Closeup of a hive frame.

The frame contains some cells that are sealed off. Those contain larvae that will soon hatch. Although queens may live as long as three years, workers have a life expectancy of only two weeks, so worker reproduction is an ongoing process. On another part of the frame, dozens of bees are crowded around one that is shaking its body as if it’s in an earthquake. “Oh yeah, she’s found pollen and now she’s telling her sisters about it.”
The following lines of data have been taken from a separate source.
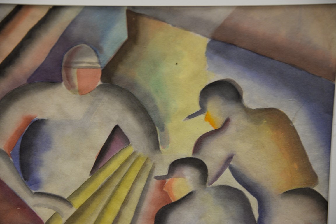 Four framed pieces to include an oil on canvas abstract signed illegibly, and three watercolors signed Harry Clark Sterling. 19 x 13 to 29 3/4 x 39 1/2 Provenance: Estate of Arthur C. Pinto, MD
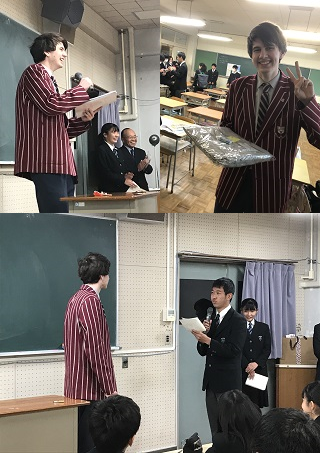 11月25日より本校で一緒に学んでいる留学生のHamish Long君ですが1月17日をもって留学期間が終了となります。昨日は所属している高校1年部で送別会を開きました。ヘミシュ君はなんと日本語でスピーチをしてくれました。彼にとって清水南高校での経験はとても充実したものであったようで、様々な思い出を一生懸命日本語で伝えてくれました。学年の代表生徒として、13HRでいつも彼の隣の席に座り、おそらく最も多くの時間をすごしたであろう生徒が英語でメッセージを送りました。国にとらわれない、国際的な友情が結ばれたことに深く感銘を受けました。以下はヘミシュ君からのメッセージです。
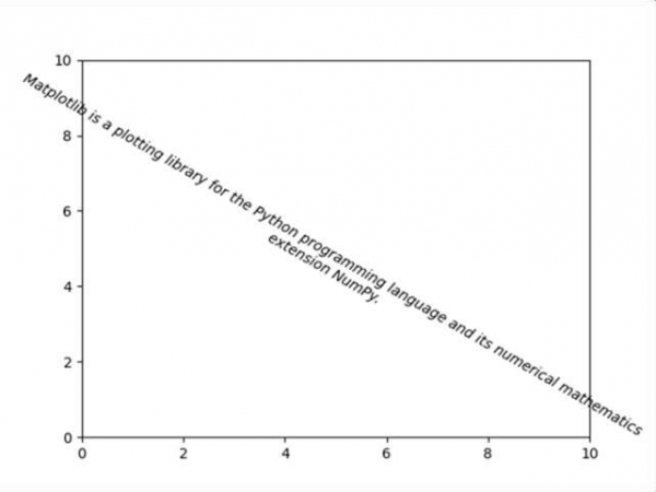 import matplotlib.pyplot as plt fig = plt.figure() plt.axis([0, 10, 0, 10]) input_text = 'Matplotlib is a plotting library for the Python programming language and its numerical mathematics extension NumPy.' plt.text(5, 5, input_text, fontsize=10, style='oblique', ha='center', va='top', wrap=True, rotation=-30) plt.show()
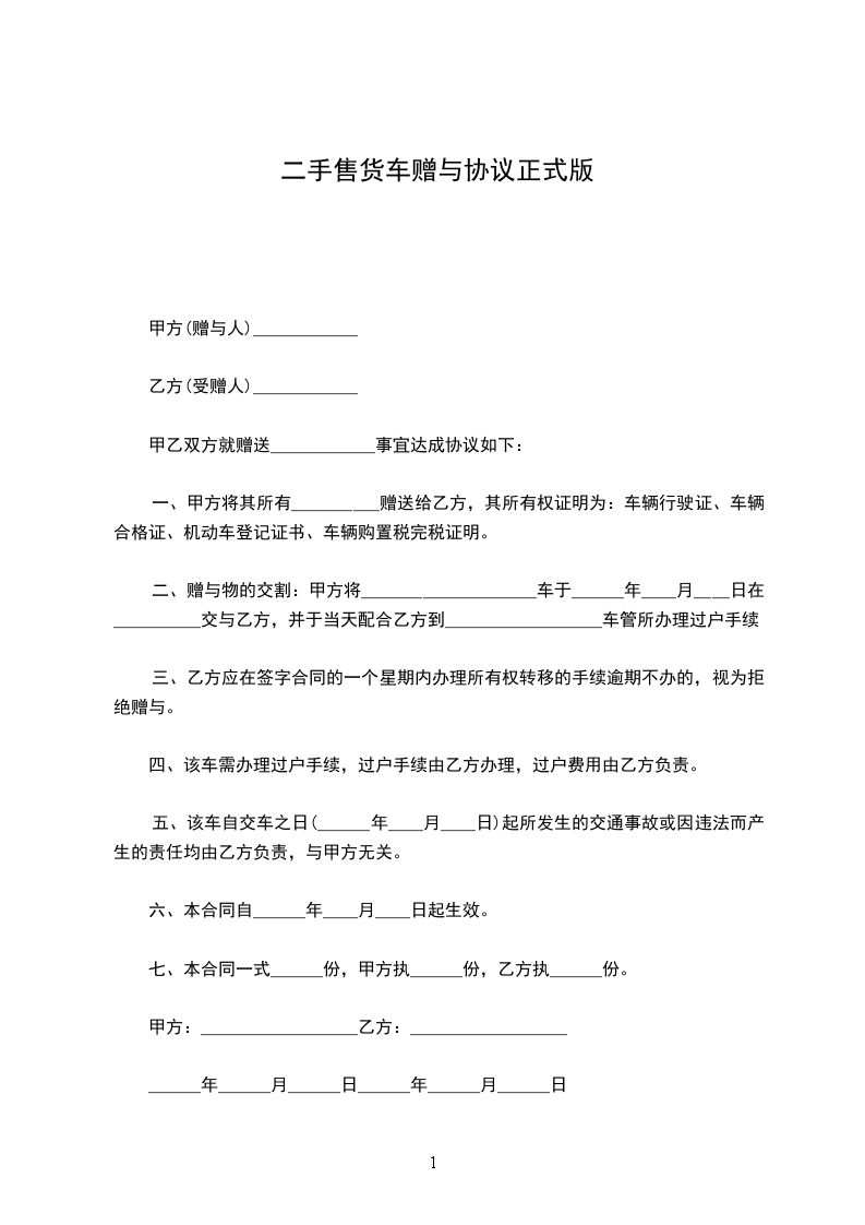 甲乙双方就赠送_____________________汽车事宜达成协议如下:
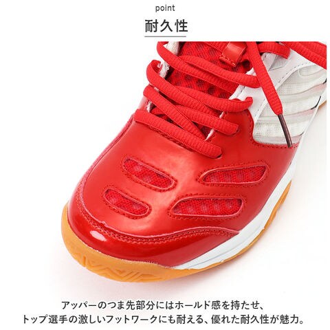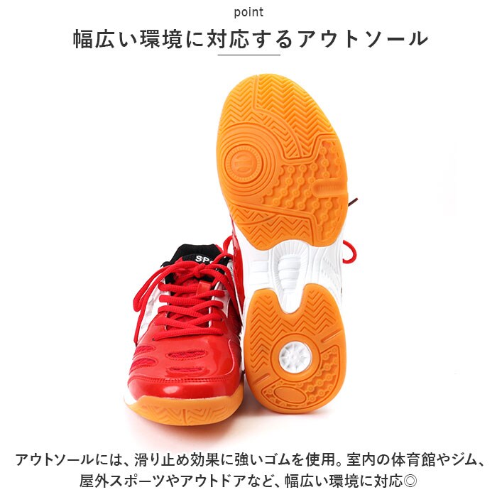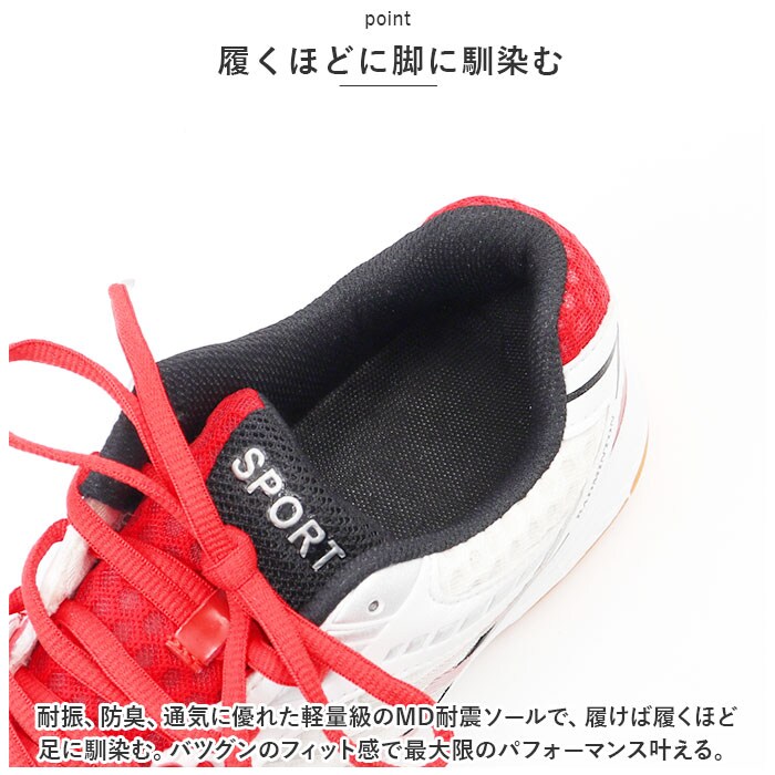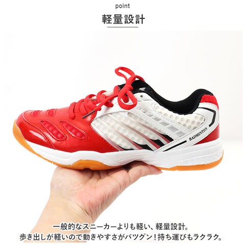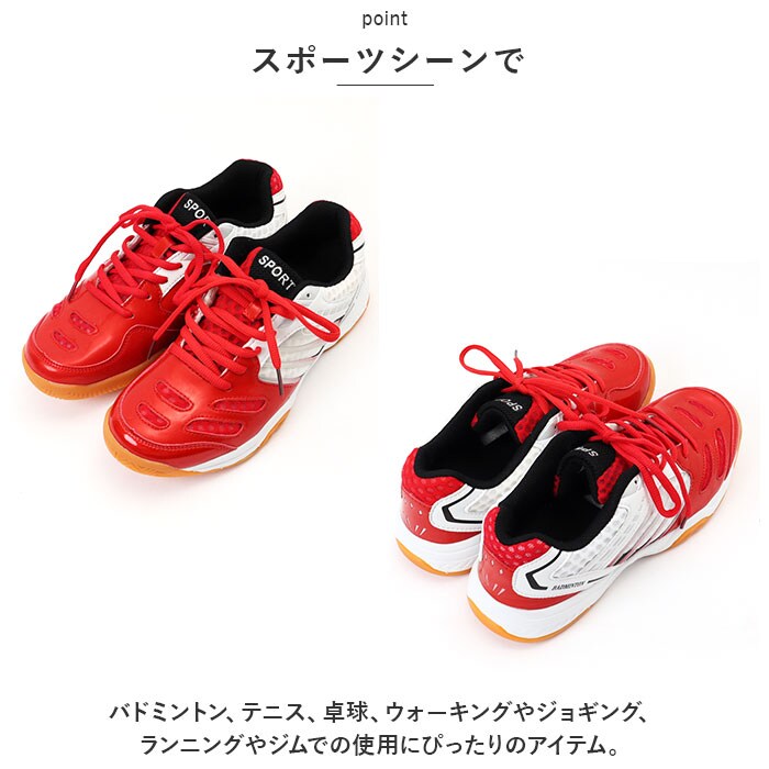 | 商品説明 | 高機能シューズで、最大限のパフォーマンスを!スポーツシューズが登場。【スポーツシーンで】バドミントン、テニス、卓球、ウォーキングやジョギング、ランニングやジムでの使用にぴったりのアイテム。【耐久性】アッパーのつま先部分にはホールド感を持たせ、トップ選手の激しいフットワークにも耐える、優れた耐久性が魅力。【幅広い環境に対応するアウトソール】アウトソールには、滑り止め効果に強いゴムを使用。室内の体育館やジム、屋外スポーツやアウトドアなど、幅広い環境に対応◎【履くほどに脚に馴染む】耐振、防臭、通気に優れた軽量級のMD耐震ソールで、履けば履くほど足に馴染む。バツグンのフィット感で最大限のパフォーマンス叶える。【軽量設計】一般的なスニーカーよりも軽い、軽量設計。歩き出しが軽いので動きやすさがバツグン!持ち運びもラクラク。【スタイリッシュデザイン】学生も大人も、男性も女性も履けるスタイリッシュなデザイン。部活動から趣味のスポーツまで幅広く使える。友達や家族、カップルでお揃いにするのもGOOD。【タウンユースも】デザイン性が高いので、もちろんタウンユースでも使える!滑りにくいので雨の日にも最適。ファッションのアクセントにも☆ |
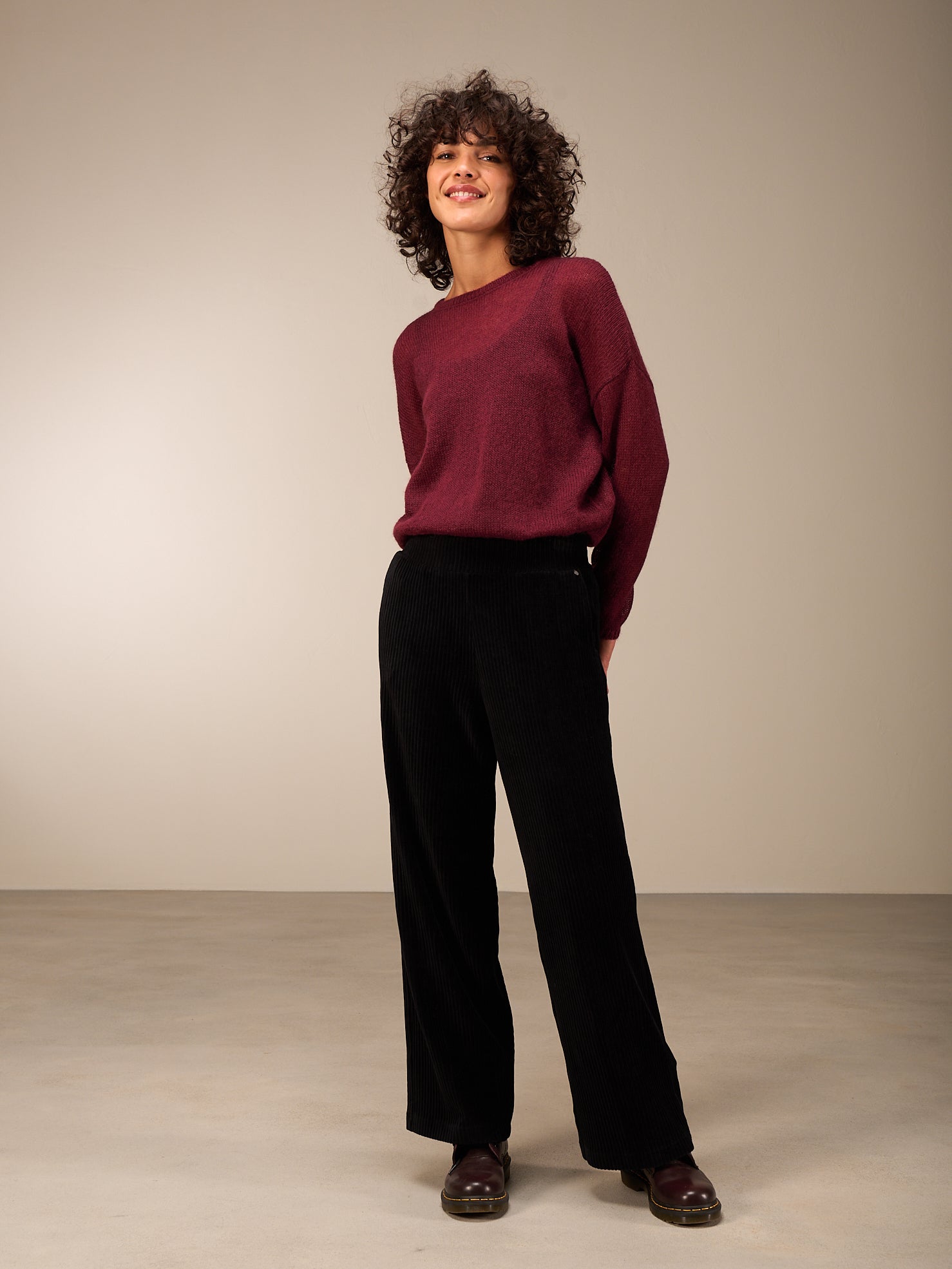 Pantaloni aderenti con gamba ampia e dritta, tasche oblique a fessura e vita ampia ed elastica in morbido tessuto di corda elasticizzato. Le irregolarità del colore rendono il capo unico. L'effetto sbiadito è intensificato.

Given Azure’s devotion to the 15 – 20,000 of bees that form this hive, devotion that extends beyond the hobby level and into a hoped-for career, how exactly does one experience affection? “You have to think of the bees as a super-organism, and not as each individual bee. Getting too attached to them would be too depressing, with bees dying off and getting squished and so forth. So I think of the hive as a whole organism that I have an attachment to. As long as they are thriving and being functional and doing what they’re supposed to do as a colony, that’s where my attachment lies.”

The author suppresses his instinct to run screaming and displays a hive frame.